High residuals (if big enough) can impact the model. High leverage (if big enough) can impact the model. But a big residual with big leverage will definitely impact the coefficients and therefore the predictions in a linear model.
Consider the hat matrix (see Section 8.5): \[\begin{eqnarray*} H &=& X(X^t X)^{-1} X^t\\ \underline{\hat{Y}} &=& H\underline{Y}, \underline{e} = (I-H)\underline{Y}\\ sd^2(\underline{e}) &=& \sigma^2 \cdot (I-H), se^2(\underline{e}) = MSE \cdot (I-H) \\ \end{eqnarray*}\]
12.1 Outliers in the Y direction
Points that are outlying in terms of their \(Y\)-values are often easy to spot via residual plots, as the model will not predict these values very well and a large residual will be seen. However, sometimes the observation will have enough influence in the model, however, that the residual will be small even if the point is ``outlying in the y-direction.”
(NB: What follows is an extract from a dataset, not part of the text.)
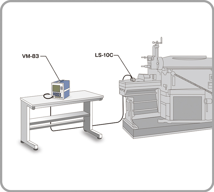 • 使用通用振動測量儀 VM-83的簡易監(jiān)測系統(tǒng)。使用VM-83的比較器輸出功能設置監(jiān)控等級。由于可以連接伺服式加速度傳感器 LS-10C,因此該系統(tǒng)對微小振動的監(jiān)測非常有效。
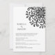 Celebra tu día especial con un toque de elegancia y sofisticación con nuestra exclusiva y artísticamente diseñada invitación a la boda. Con un fondo blanco inmaculado y adornado con un cautivador patrón de simetría giracional negro de chozas y puntos que forman un patrón florido, esta invitación captura maravillosamente la esencia del romance eterno y el encanto moderno. Esta invitación es perfecta para las parejas que buscan una mezcla de diseño contemporáneo y elegancia clásica, lo que marca la tónica de un boda que será recordado por su belleza y su gracia. ¡Pida la suya hoy mismo y haga que su invitación boda sea inolvidable!

12.1.1 (Internally) Studentized Residuals
Recall that we previously defined semi-studentized residuals as the residual divided by MSE (our best estimate of \(\sigma^2\)). But then we also pointed out that the variance of the residuals isn’t really \(\sigma^2\) and isn’t constant (because of the requirement that the residuals sum to zero). \[\begin{eqnarray*} e_i &=& Y_i - \hat{Y}_i\\ e_i^* &=& \frac{Y_i - \hat{Y}_i}{\sqrt{MSE}} \ \ \ \ \mbox{semi-studentized residuals} \end{eqnarray*}\] The hat matrix is a measure of where the observations fall in the subspace spanned by the explanatory variables. The hat matrix also provides the information about the predictions (which in turn determine the residuals). It turns out that the variance of the residuals can be calculated using the hat matrix: \[\begin{eqnarray*} sd^2(\underline{e}) &=& \sigma^2 (I-H)\\ sd^2(e_i) &=& \sigma^2 (1-h_{ii})\\ se^2\{\underline{e}\} &=& MSE (I-H)\\ se^2(e_i) &=& MSE (1-h_{ii})\\ se(e_i) &=& \sqrt{MSE(1-h_{ii})}\\ r_i &=& \frac{e_i}{se(e_i)} \ \ \ \mbox{internally studentized residuals} \end{eqnarray*}\] Note that studentized residuals will have constant variance (unlike the standard residuals). Why? It is due to the theory connecting the hat-matrix terms to the variability of the residuals. If \(h_{ii}\) is large (the \(i^{th}\) point has a lot of leverage), then \(se(e_i)\) will be smaller than the corresponding value for points with low leverage.
12.1.2 Deleted Residuals (externally studentized residuals)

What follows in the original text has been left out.